Performance Optimizations

The genlm-control library offers two key performance optimizations for instances of the Potential class:

  • Autobatching: Automatically batches concurrent requests to the potential's instances methods
  • Multiprocessing: Runs multiple instances of a Potential in parallel across CPU cores

Auto-batching

Auto-batching improves performance when a Potential class's batch methods (batch_complete, batch_prefix, batch_logw_next, batch_score) are more efficient than sequentially running individual instance methods.

Usage

To enable auto-batching, use the to_autobatched() method:

autobatched_potential = potential.to_autobatched()
# Use it exactly like a regular potential - batching happens automatically
results = await asyncio.gather(
    *(autobatched.complete(seq) for seq in sequences) # These will batched and processed by batch_complete
)

This creates a new potential that is a wrapper (AutoBatchedPotential) around the original potential. The wrapper automatically collects concurrent requests in the background and processes them together using the potential's batch methods. This happens transparently without requiring changes to your code structure.

Multiprocessing

CPU parallelization can significantly improve performance for compute-intensive Potential classes. This is particularly useful when methods like complete, prefix, or logw_next involve heavy computation.

Usage

To enable multiprocessing, use the to_multiprocess() method:

# Create a multiprocess wrapper with desired number of workers
mp_potential = potential.to_multiprocess(num_workers=2)
# Use it like a regular potential - requests are distributed across workers
results = await asyncio.gather(
    *(mp_potential.complete(seq) for seq in sequences) # These will be distributed across workers
)

This creates a new potential that is a wrapper (MultiProcPotential) around the original potential. The wrapper asynchronously distributes requests across multiple processes (in a non-blocking manner). This allows you to scale your computations across multiple cores without changing your code structure.

Requirements

For multiprocessing to work, the potential must implement a picklable spawn() method that creates a new instance of the potential. Only some built-in Potential classes support this by default. Custom potentials need to implement their own spawn() method.

Performance Benefits

Multiprocessing improves performance for both batched methods (batch_complete, batch_prefix, batch_logw_next) and unbatched methods (complete, prefix, logw_next).
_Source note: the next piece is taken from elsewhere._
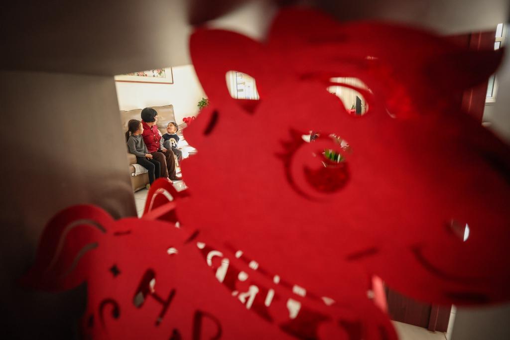 20日、自宅でテレビを見る住民。(葫蘆島=新華社記者/潘昱竜)

In the batched case, requests within a batch are processed in parallel across workers. For individual method calls, requests are distributed to available worker processes and are executed asynchronously.
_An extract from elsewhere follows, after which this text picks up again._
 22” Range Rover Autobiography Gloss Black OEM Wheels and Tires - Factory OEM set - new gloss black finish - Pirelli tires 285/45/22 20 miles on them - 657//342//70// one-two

When to use each optimization

Note: Built-in Potential classes that can benefit from auto-batching support (e.g., PromptedLLM) will have auto-batching enabled by default.

  • Use auto-batching when the potential's batch operations are more efficient than sequential operations
  • Use multiprocessing when the potential's operations are compute-intensive and can benefit from parallel processing
  • Consider the overhead of each optimization when deciding which to use. Multiprocessing in particular incurs a significant overhead when the potential's operations are not compute-intensive.